▸ **Task to complete**
Set down exactly the lines below between the line holding "1935 Jubilee 1/- slate" and the line holding "Hinter Cortes tauchten", inclusive; no other line belongs in the answer.

▸ **Data under study**
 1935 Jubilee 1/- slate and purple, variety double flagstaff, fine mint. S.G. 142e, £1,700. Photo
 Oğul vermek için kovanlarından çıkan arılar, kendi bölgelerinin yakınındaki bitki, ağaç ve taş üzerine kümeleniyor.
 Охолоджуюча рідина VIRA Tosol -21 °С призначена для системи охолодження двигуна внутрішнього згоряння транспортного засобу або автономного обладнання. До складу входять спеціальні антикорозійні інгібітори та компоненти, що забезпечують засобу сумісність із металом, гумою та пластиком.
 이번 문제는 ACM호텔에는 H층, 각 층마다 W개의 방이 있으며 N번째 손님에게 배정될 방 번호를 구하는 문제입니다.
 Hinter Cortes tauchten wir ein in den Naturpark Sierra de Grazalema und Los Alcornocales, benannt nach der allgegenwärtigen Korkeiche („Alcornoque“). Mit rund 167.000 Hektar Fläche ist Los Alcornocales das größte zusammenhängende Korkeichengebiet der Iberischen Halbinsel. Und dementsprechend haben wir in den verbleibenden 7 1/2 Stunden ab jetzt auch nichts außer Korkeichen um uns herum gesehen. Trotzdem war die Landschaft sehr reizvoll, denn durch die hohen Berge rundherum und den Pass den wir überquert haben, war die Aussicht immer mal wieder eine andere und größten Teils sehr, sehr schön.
* * *
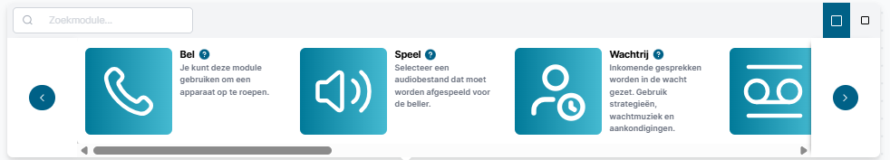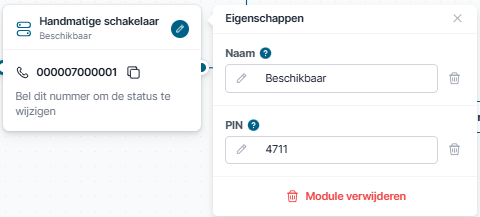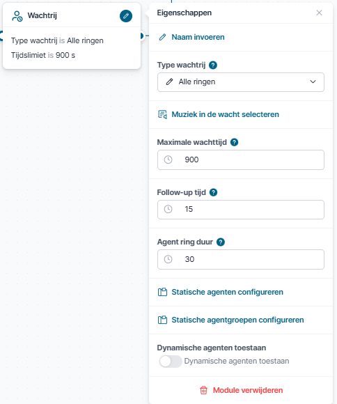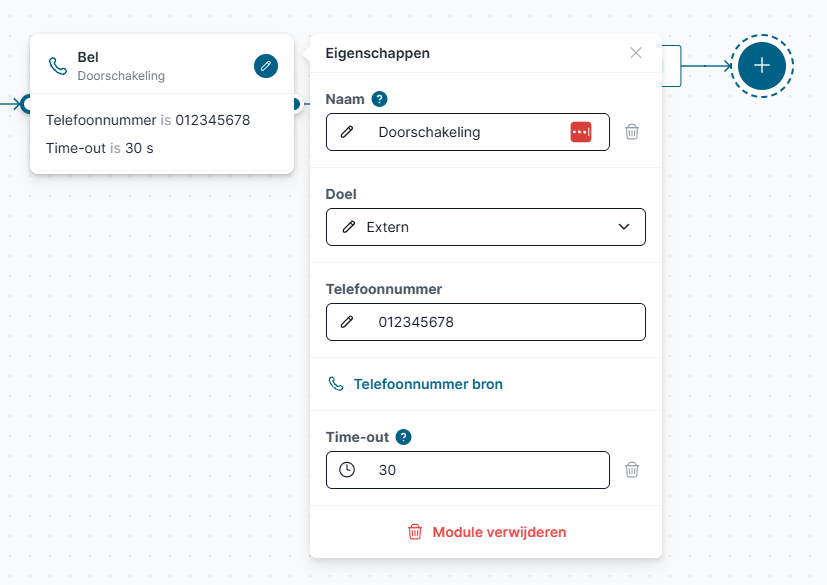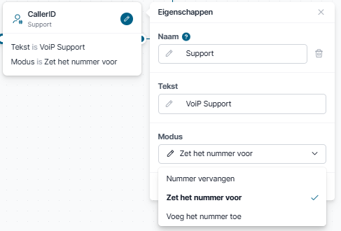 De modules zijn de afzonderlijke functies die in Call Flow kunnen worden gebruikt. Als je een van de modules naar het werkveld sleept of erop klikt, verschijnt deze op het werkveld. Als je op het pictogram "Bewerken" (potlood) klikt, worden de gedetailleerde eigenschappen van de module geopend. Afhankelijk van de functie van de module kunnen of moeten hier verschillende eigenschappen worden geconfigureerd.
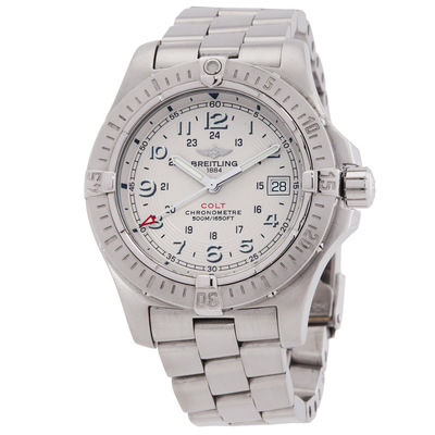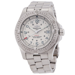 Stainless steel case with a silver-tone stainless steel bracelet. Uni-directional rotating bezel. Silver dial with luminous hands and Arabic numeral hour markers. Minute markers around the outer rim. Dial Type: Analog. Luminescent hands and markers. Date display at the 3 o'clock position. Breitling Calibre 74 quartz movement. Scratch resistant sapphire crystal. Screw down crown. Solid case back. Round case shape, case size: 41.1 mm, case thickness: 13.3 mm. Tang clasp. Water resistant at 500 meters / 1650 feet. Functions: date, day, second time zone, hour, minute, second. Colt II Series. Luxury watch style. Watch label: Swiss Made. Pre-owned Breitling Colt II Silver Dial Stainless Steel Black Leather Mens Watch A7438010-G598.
...
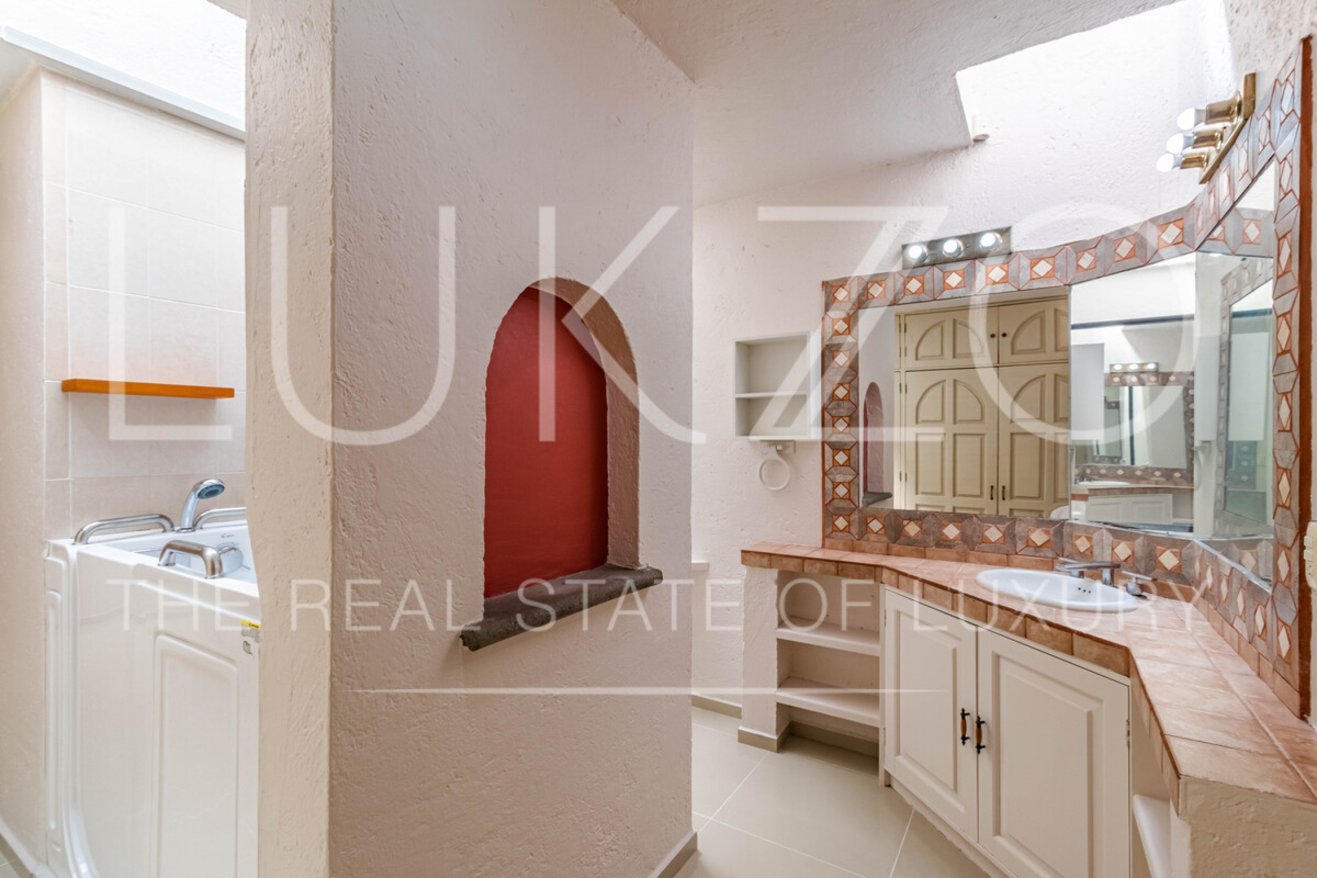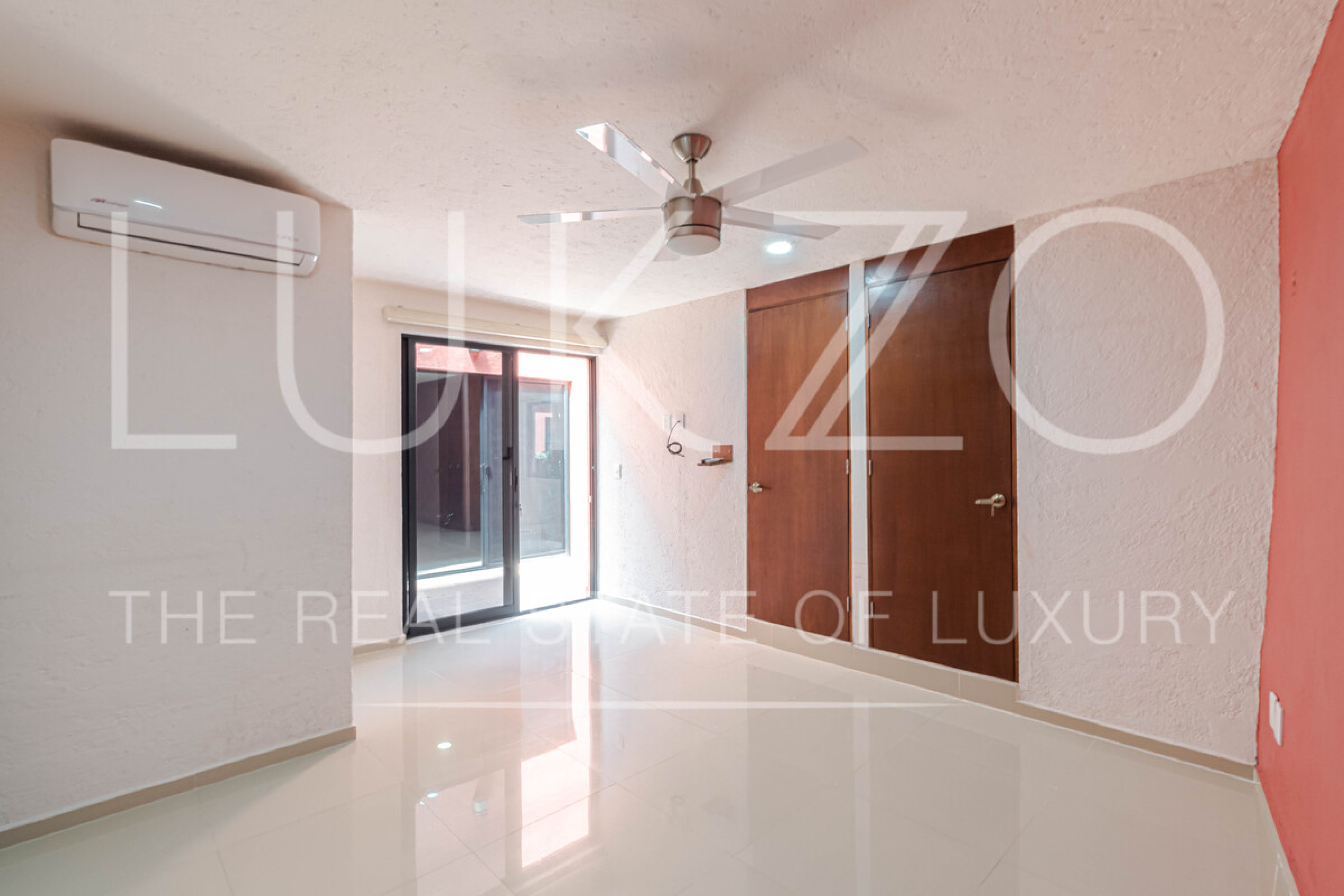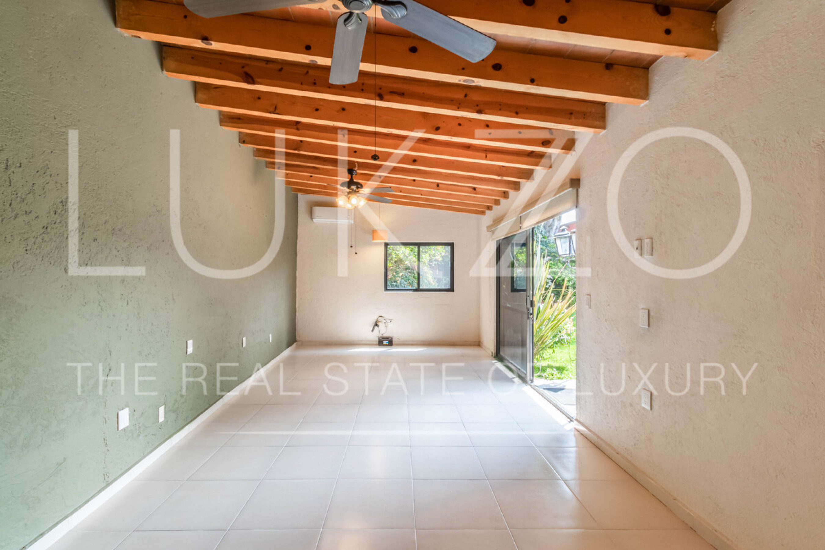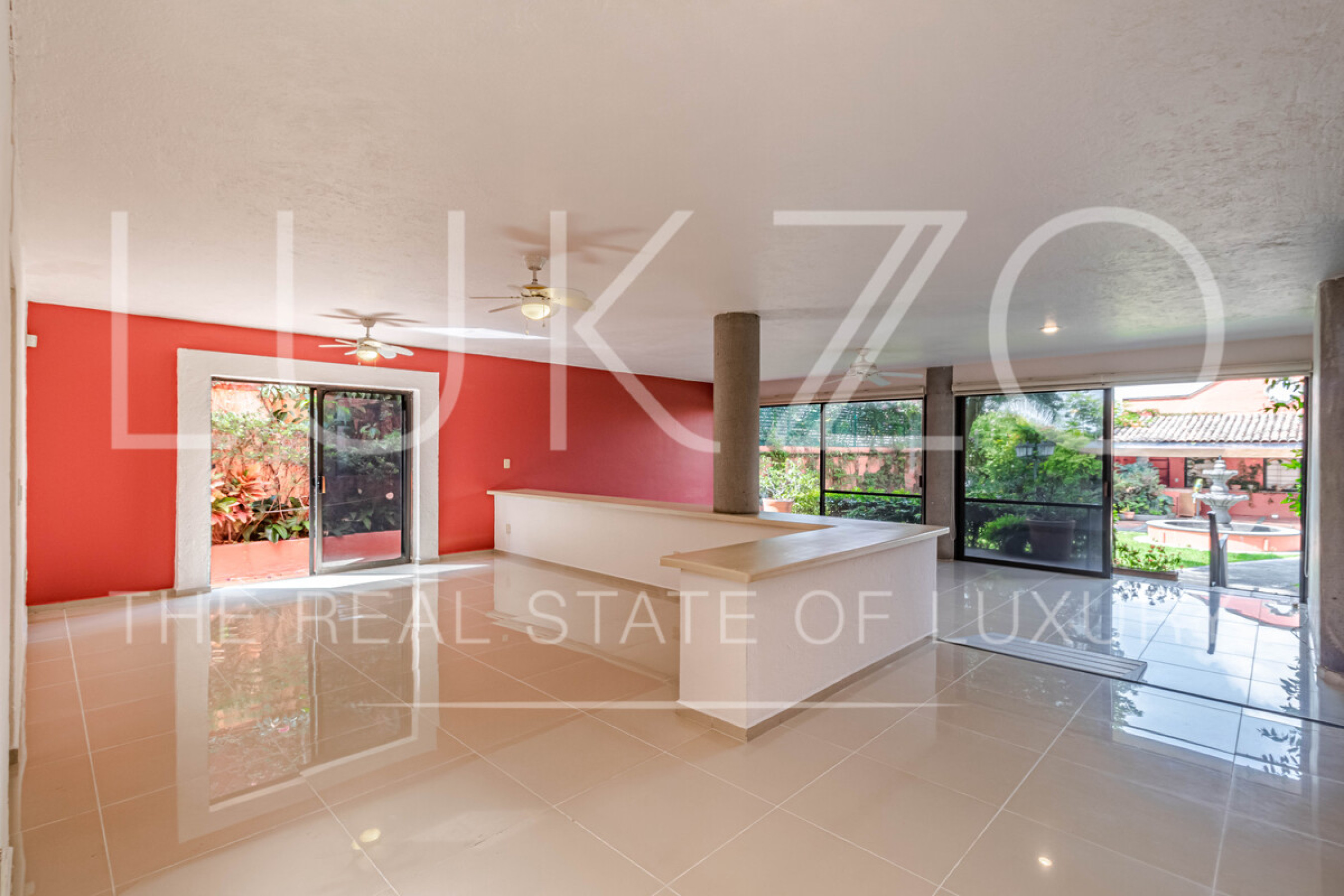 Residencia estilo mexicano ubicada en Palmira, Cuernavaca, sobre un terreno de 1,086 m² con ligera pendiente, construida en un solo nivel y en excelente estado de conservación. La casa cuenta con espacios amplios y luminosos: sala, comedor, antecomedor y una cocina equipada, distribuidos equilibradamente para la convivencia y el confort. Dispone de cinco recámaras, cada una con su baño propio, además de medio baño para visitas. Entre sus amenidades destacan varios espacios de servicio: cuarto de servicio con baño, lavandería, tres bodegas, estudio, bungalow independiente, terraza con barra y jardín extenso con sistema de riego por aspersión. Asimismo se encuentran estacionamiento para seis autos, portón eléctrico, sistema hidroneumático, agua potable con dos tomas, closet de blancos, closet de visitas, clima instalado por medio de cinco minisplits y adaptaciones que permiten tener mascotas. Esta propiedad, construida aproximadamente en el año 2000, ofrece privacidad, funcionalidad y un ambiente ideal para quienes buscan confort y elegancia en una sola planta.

▸ **Answer space**
 1935 Jubilee 1/- slate and purple, variety double flagstaff, fine mint. S.G. 142e, £1,700. Photo
 Oğul vermek için kovanlarından çıkan arılar, kendi bölgelerinin yakınındaki bitki, ağaç ve taş üzerine kümeleniyor.
 Охолоджуюча рідина VIRA Tosol -21 °С призначена для системи охолодження двигуна внутрішнього згоряння транспортного засобу або автономного обладнання. До складу входять спеціальні антикорозійні інгібітори та компоненти, що забезпечують засобу сумісність із металом, гумою та пластиком.
 이번 문제는 ACM호텔에는 H층, 각 층마다 W개의 방이 있으며 N번째 손님에게 배정될 방 번호를 구하는 문제입니다.
 Hinter Cortes tauchten wir ein in den Naturpark Sierra de Grazalema und Los Alcornocales, benannt nach der allgegenwärtigen Korkeiche („Alcornoque“). Mit rund 167.000 Hektar Fläche ist Los Alcornocales das größte zusammenhängende Korkeichengebiet der Iberischen Halbinsel. Und dementsprechend haben wir in den verbleibenden 7 1/2 Stunden ab jetzt auch nichts außer Korkeichen um uns herum gesehen. Trotzdem war die Landschaft sehr reizvoll, denn durch die hohen Berge rundherum und den Pass den wir überquert haben, war die Aussicht immer mal wieder eine andere und größten Teils sehr, sehr schön.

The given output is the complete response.